Der Weg zum Ende der Geschichte führt durch Asien

Das Wiederauftauchen der beiden asiatischen Giganten China und Indien ist in Wirklichkeit eine Rückkehr zur historischen Norm

Von JAN KRIKKE



Indiens Narendra Modi, Chinas Xi Jinping und Russlands Wladimir Putin stehen im Mittelpunkt des BRICS-Gipfels 2016 in Goa. Bild: Australian Institute of International Affairs


1989 veröffentlichte Francis Fukuyama seinen viel zitierten Aufsatz "The End of History?" Fukuyama argumentierte, dass der Zerfall der Sowjetunion ein Sieg der liberalen Demokratie über den Autoritarismus und das Ende der (ideologischen) Geschichte sei. Der Rest der Welt würde unweigerlich dem einzig verbliebenen Weg folgen: Die westliche liberale Demokratie.
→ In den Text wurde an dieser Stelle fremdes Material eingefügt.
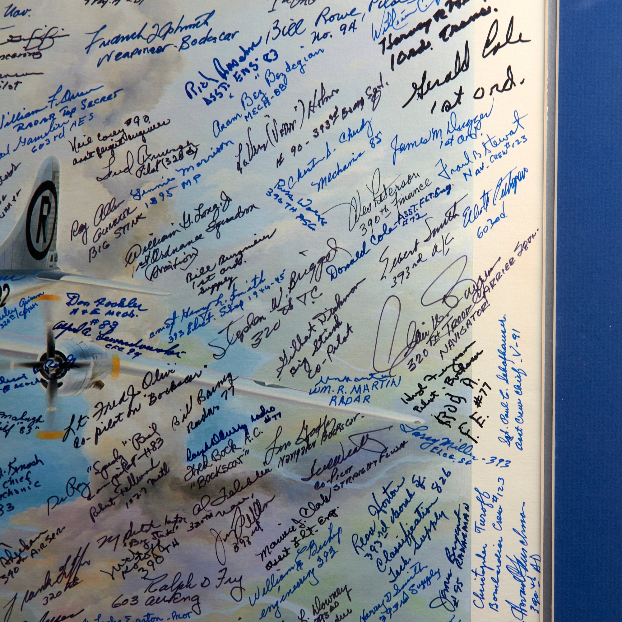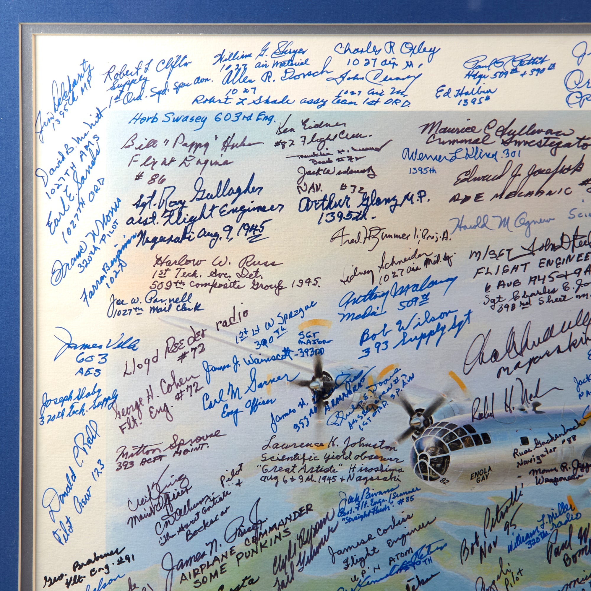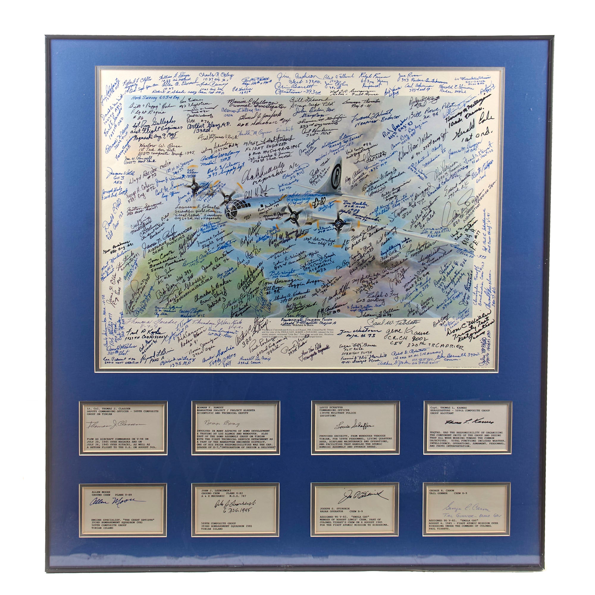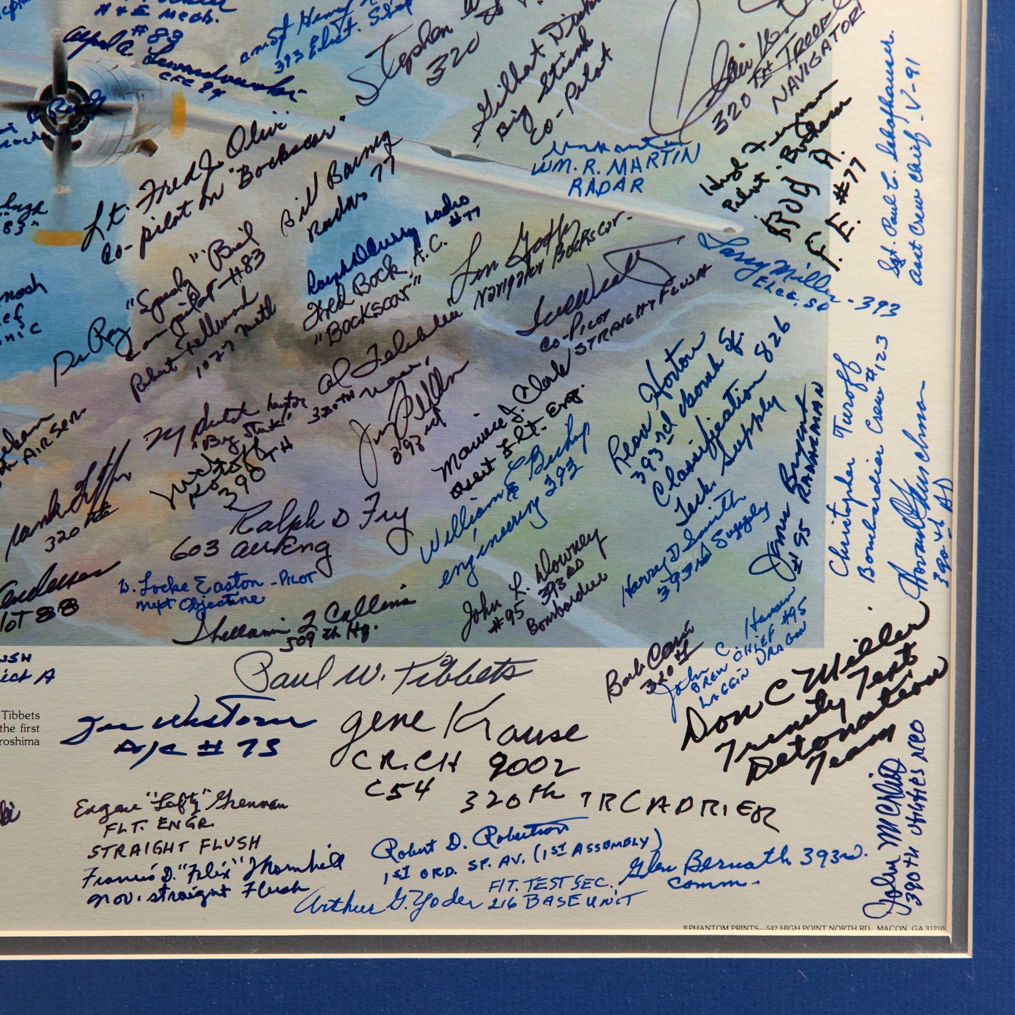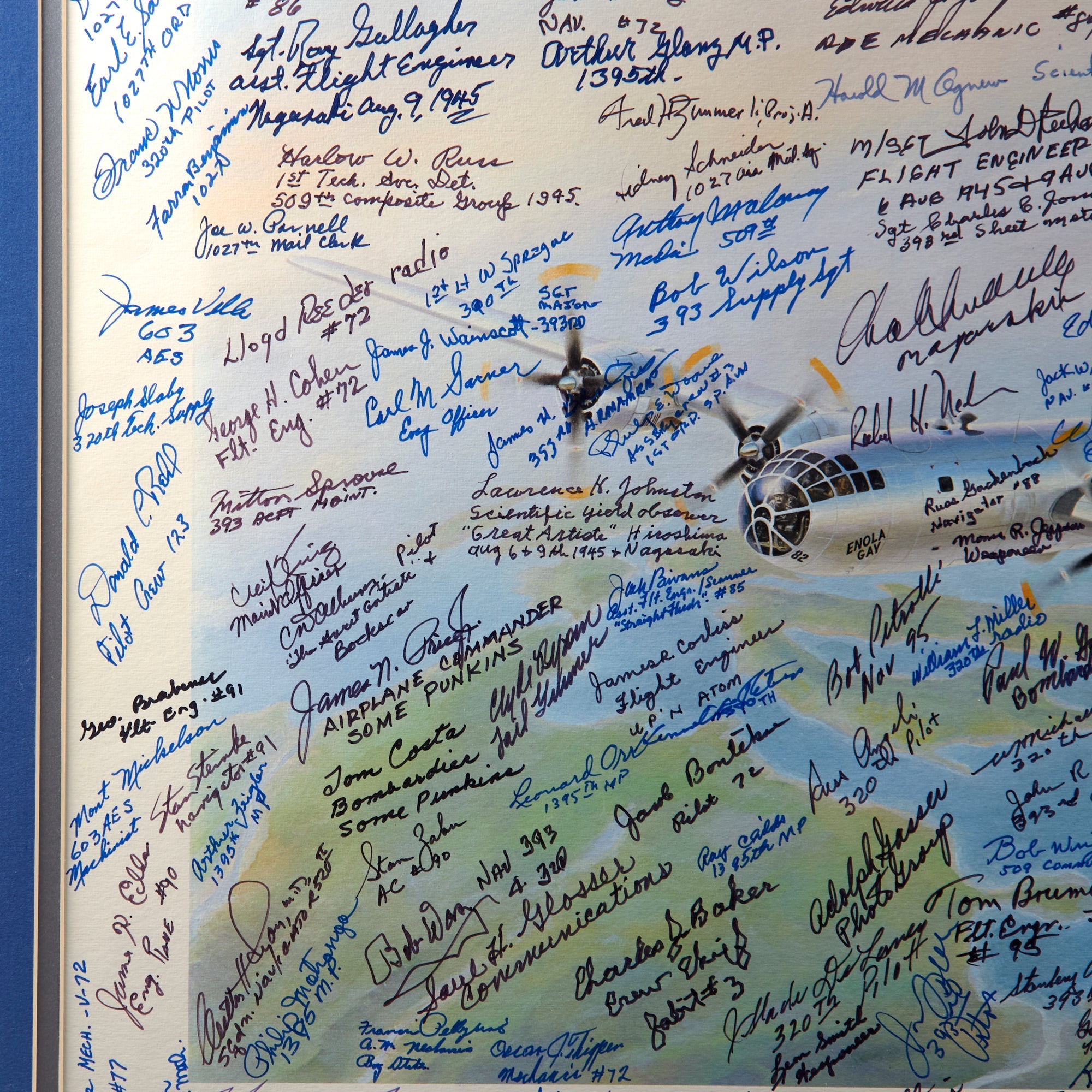 The print was originally issued with the signatures of Enola Gay crew members Paul Tibbets, Thomas Ferebee, and Theodore Van Kirk. The owner then likely took the print to reunions, military shows, and other events, having nearly 200 more men sign the print. These include members of the 393rd Bomb Squadron, the 320th Troop Carrier Squadron, the 390th Air Service Group, the 1027th Air Materiel Squadron, the 603rd Air Engineering Squadron, the 1395th Military Police Company, and the 1st Ordnance Squadron, Special (Aviation).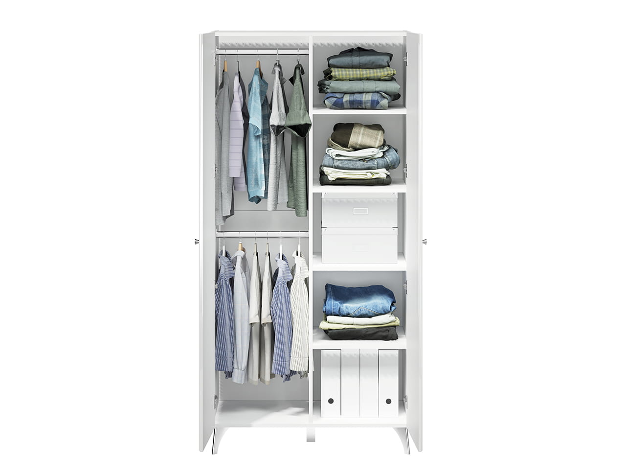 Przemyślany układ wnętrza – drążki na ubrania w lewej części i pojemne półki po prawej – pozwala na wygodne przechowywanie zarówno odzieży wiszącej, jak i złożonej.

Aus westlicher Sicht der 1990er Jahre machte Fukuyamas Argumentation Sinn, und wir können uns nur fragen, warum der Westen nicht aufgegeben hat, als er in Führung lag. Er hätte die illiberalen Regime von selbst zerfallen lassen können. Stattdessen dehnte der Westen die Nordatlantikpakt-Organisation bis an die russische Grenze aus, führte Kriege nach Gutdünken in der islamischen Welt und untergrub den Geist der Ein-China-Politik, indem er weiterhin Waffen an Taiwan verkaufte.


Allein in wirtschaftlicher Hinsicht hat das westliche politische Establishment den falschen Kampf gewählt. Russland ist einer der größten Rohstoffproduzenten der Welt, und China ist der größte Industrieproduzent und der größte Gläubiger der Welt. Von einem Boykott Russlands und einer Feindseligkeit gegenüber China profitieren nur wenige und meist nur die Waffenproduzenten.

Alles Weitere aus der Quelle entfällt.